For inactive probabilistic constraints, the procedures for PDF modeling and shifting scalar calculation can be omitted. The statistical moments will be recalculated in each iteration. Thus, the error prediction does not accumulate.

Here, we calculate the probabilistic constraint shifting scalar λ of SOMRA. By using the mathematical model of the SOMRA, the number of reliability assessments will be reduced significantly at the cost of adding several deterministic optimizations.

3.5 Flowchart and procedure of the proposed method

The flowchart of the SOMRA method is given in Fig. 3. It consists of five procedures:

1. 1)

   Definition of the initial design point d⁰. In cycle k(k ≥ 2), the initial design point is taken as the optimal point of the previous cycle.

2. 2)

   Computation of the probabilistic constraint shifting scalar λ according to the proposed method. The shifting scalar λ will be used to update the mathematical model. In the first cycle, λ is set as zero.

3. 3)

   Optimization of the updated mathematical model using sequential quadratic programming (SQP).

4. 4)

   Reliability assessment using the method introduced in Section 2. When obtaining the mean and standard deviation, inactive constraint checking is carried out to judge whether PDF estimation and shifting scalar calculation are necessary.

5. 5)

   End RBDO if the convergence conditions are reached; otherwise, go back to step (1).

Fig. 3

Flowchart of the SOMRA method

4 Applications

In this section, three numerical examples and an engineering application are presented to demonstrate the effectiveness of the SOMRA. For each example, the DLM is based on the performance measurement approach (PMA), and the SORA, the DLM moment-based method, and the SOMRA proposed in this paper are used for optimization. In addition, the optimization results of the DLM based on Monte Carlo simulation (MCS) and the SOMRA based on probabilistic constraints shifting scalar λ^∗ are given in the first two examples. The sampling size of MCS is ten million.
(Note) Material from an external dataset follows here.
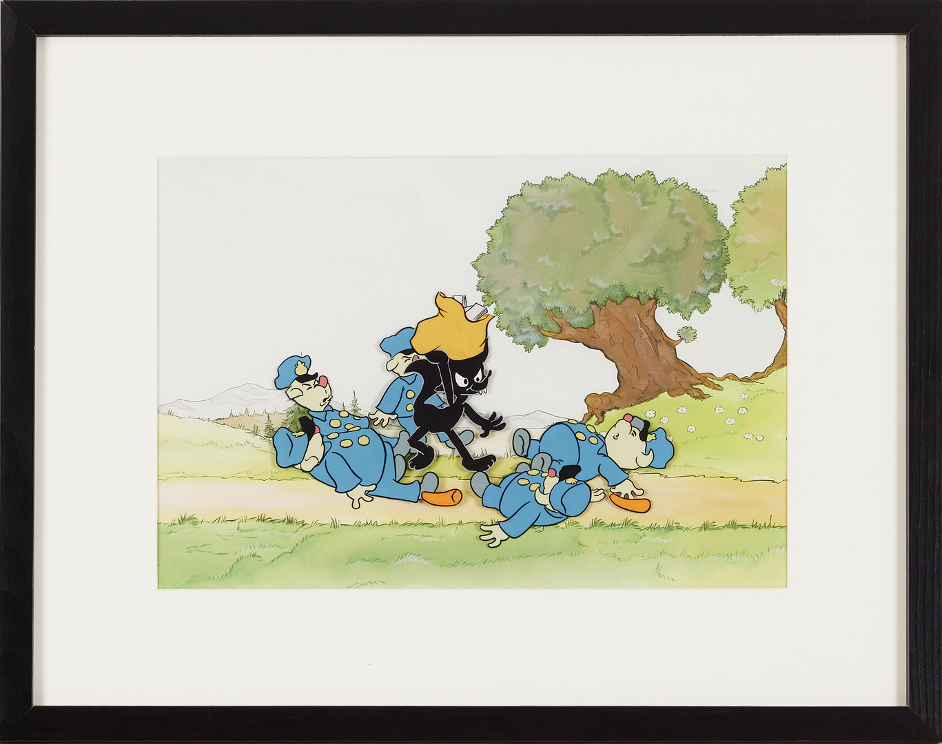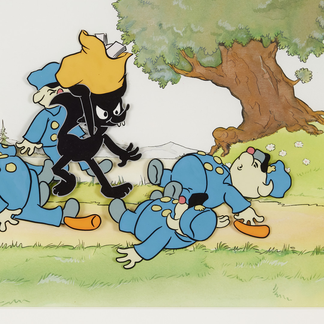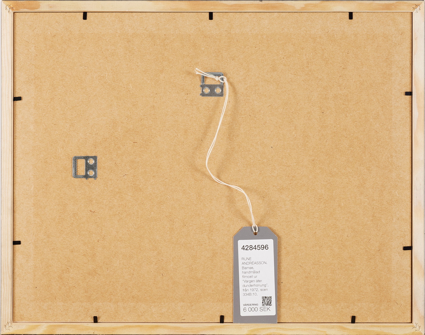 RUNE ANDRÉASSON. Bamse, handmålad filmcell ur "Vargen äter dunderhonung", från 1972, scen 334B:10, monterad på den handmålade originalbakgrunden.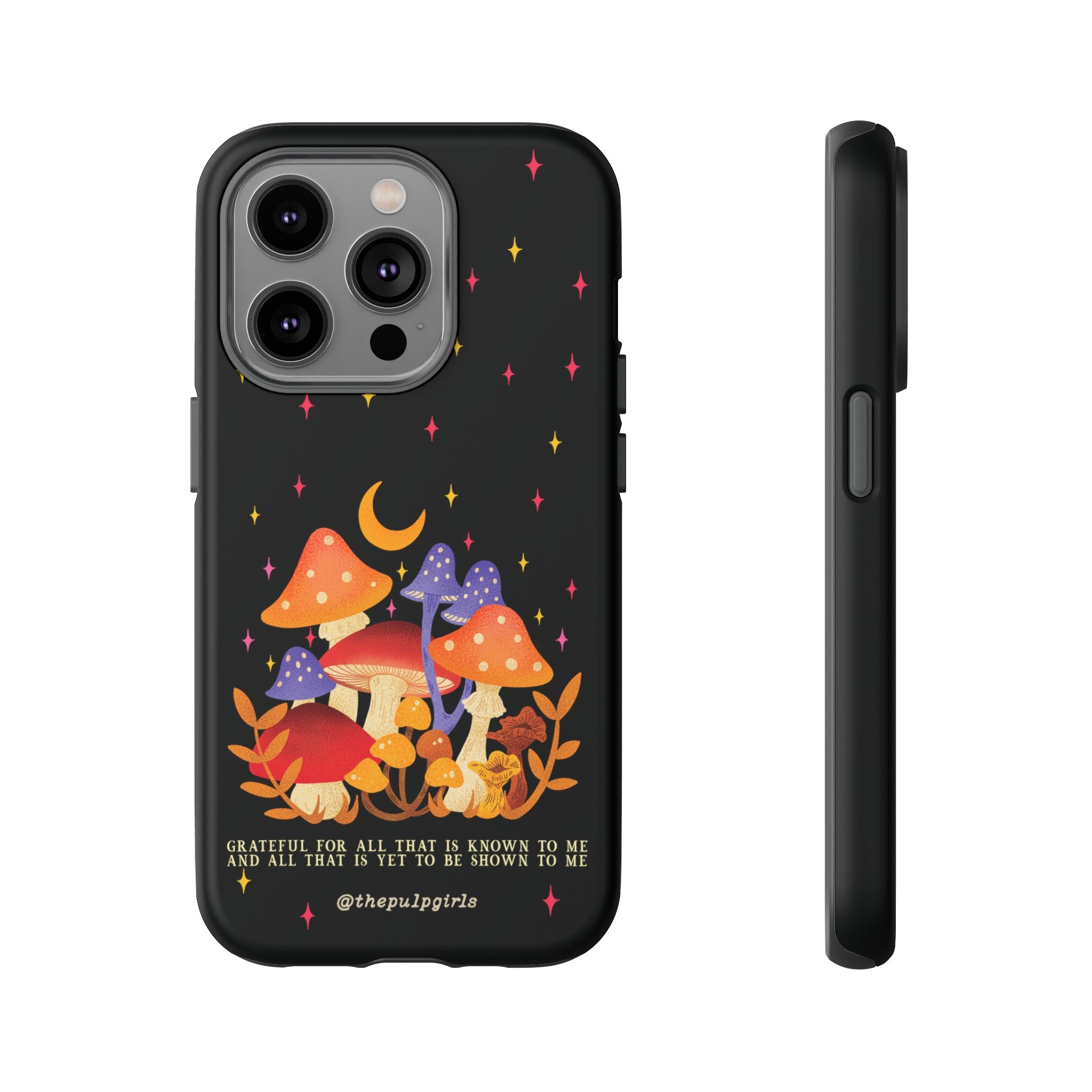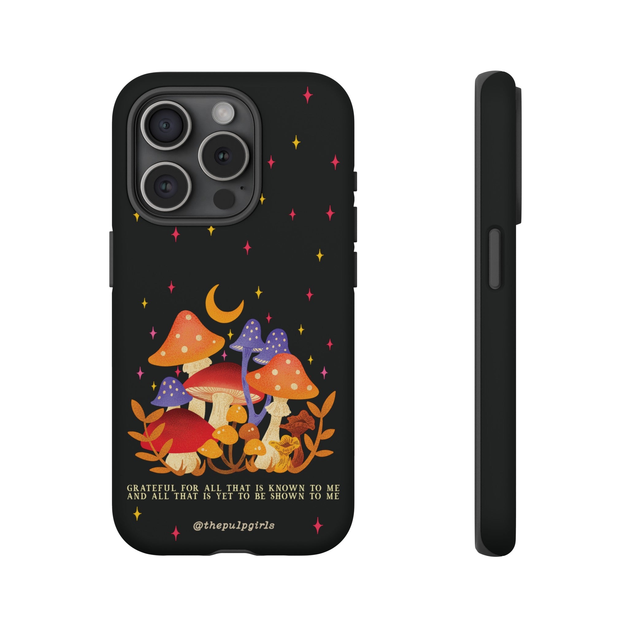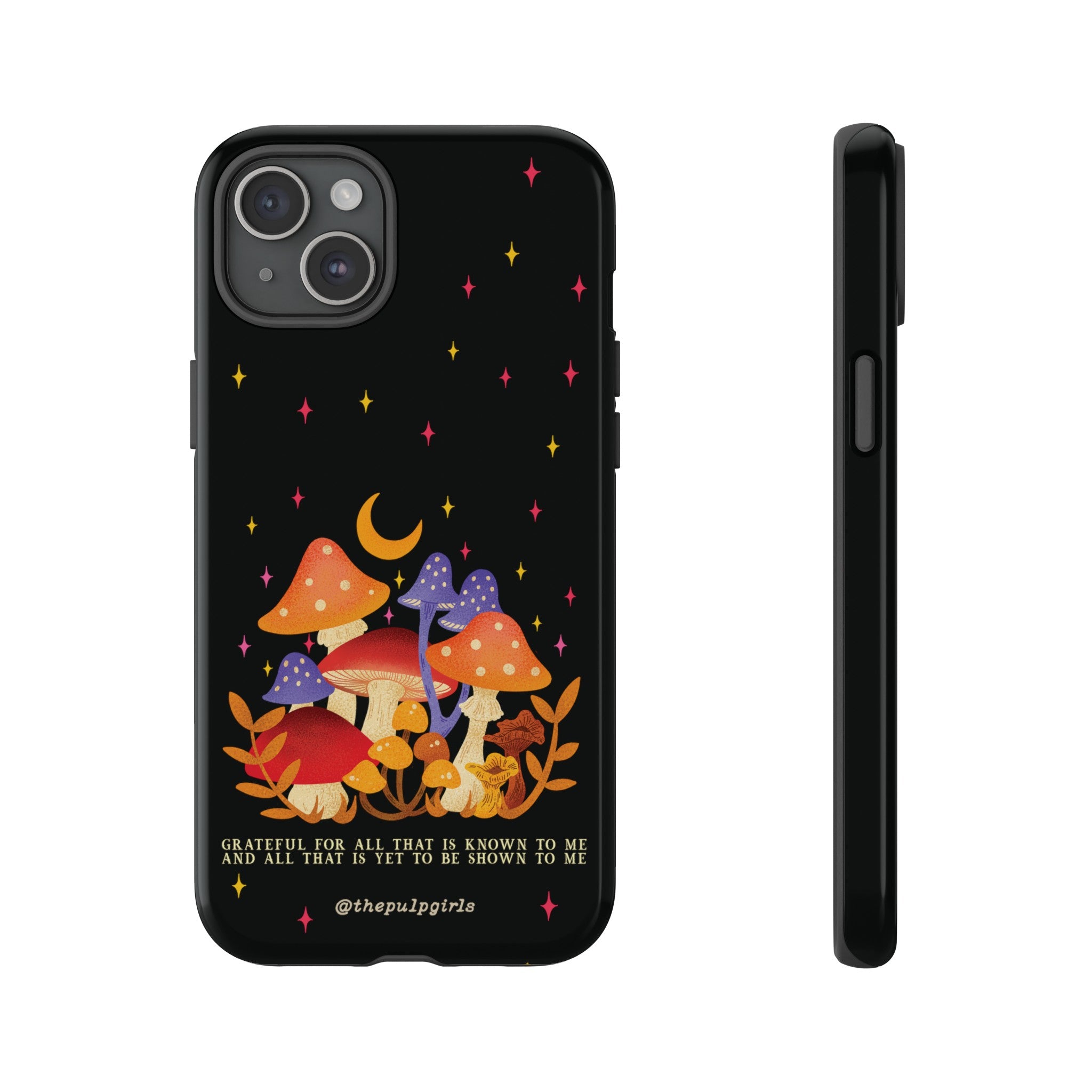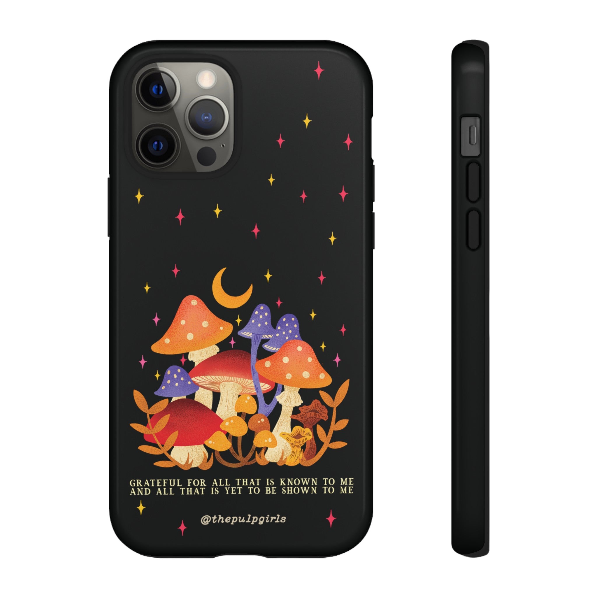 Do you love all things cute, cottagecore, and mushroom-related? This is the tough phone case for you! It's all about gratitude.

The result of DLM + MCS as the reference standard and the relative error is expressed as:

$$ \boldsymbol{Relative}\ \boldsymbol{error}=\frac{\left\Vert {\mathbf{X}}_t-\mathbf{X}\right\Vert }{\left\Vert \mathbf{X}\right\Vert}\times 100\% $$

(27)

where X denotes the design variables of the reference standard and X_t denotes the design variables of different methods. SQP is used to solve deterministic optimization problems and PMA. For every example, the optimal solution of the design variables and objective function, the number of reliability assessments, the number of optimizations, and the number of constraint function evaluations are given. Additionally, the actual reliability index of the design results is assessed through MCS with a sampling size of ten million. All program codes are tested in “MATLAB2016a,” and the SQP algorithm is realized by the optimization routine “fmincon.”

4.1 Numerical example 1

Example 1.1 (Bichon et al. 2008) has two random design variables and two probabilistic constraints. All the random variables are statistically independent and have normal distributions as follows:

$$ {\displaystyle \begin{array}{l}\boldsymbol{find}\kern2em \mathbf{d}={\left[{d}_1,{d}_2\right]}^T\\ {}\min \kern1.25em f\left(\mathbf{d}\right)=\frac{{\left({d}_1+{d}_2-8\right)}^2}{30}+\frac{{\left({d}_1-{d}_2-15\right)}^2}{120}\\ {}\begin{array}{l}\mathrm{s}.\mathrm{t}.\kern2em P\left({g}_i\left(\mathbf{X}\right)\le 0\right)\ge \varPhi \left({\beta}_i\right),i=1,2,3\\ {}\boldsymbol{where}\kern0.75em \begin{array}{l}{g}_1\left(\mathbf{X}\right)=\frac{5-\exp \left(0.8{X}_1-1.5\right)-\exp \left(0.7{X}_2-0.2\right)}{10}\\ {}{g}_2\left(\mathbf{X}\right)=\frac{{\left({X}_1+{X}_2+4.5\right)}^2}{120}+\frac{{\left({X}_1-{X}_2-2.5\right)}^2}{30}-2.3\\ {}\begin{array}{l}0\le {d}_1\le 4,0\le {d}_2\le 5,{X}_i\sim N\left({d}_i,{0.3}^2\right),i=1,2,3\\ {}{\beta}_1={\beta}_2={\beta}_3=2,{d}^{(0)}={\left[3,3\right]}^T\end{array}\end{array}\end{array}\end{array}} $$

The optimization results are shown in Table 1. This problem has only one active constraint g₁. Clearly, the optimization result of the SOMRA converges to the same point as the DLM for the moment-based reliability assessment method, which significantly reduces the number of reliability assessments. The result of the shifting scalar λ^∗ causes a large error as predicted, which means that the modified factor F of the shifting scalar does work. However, the SORA gives the same result as DLM + PMA, although there is no correction of the shifting vector in the optimization process of SORA. In summary, compared with MCS, the accuracies of all the methods are acceptable based on the results of the objective function and reliability indexes, excluding the SOMRA based on the shifting scalar λ^∗. The SOMRA based on MEM provides the best design point with a slightly lower efficiency than SORA.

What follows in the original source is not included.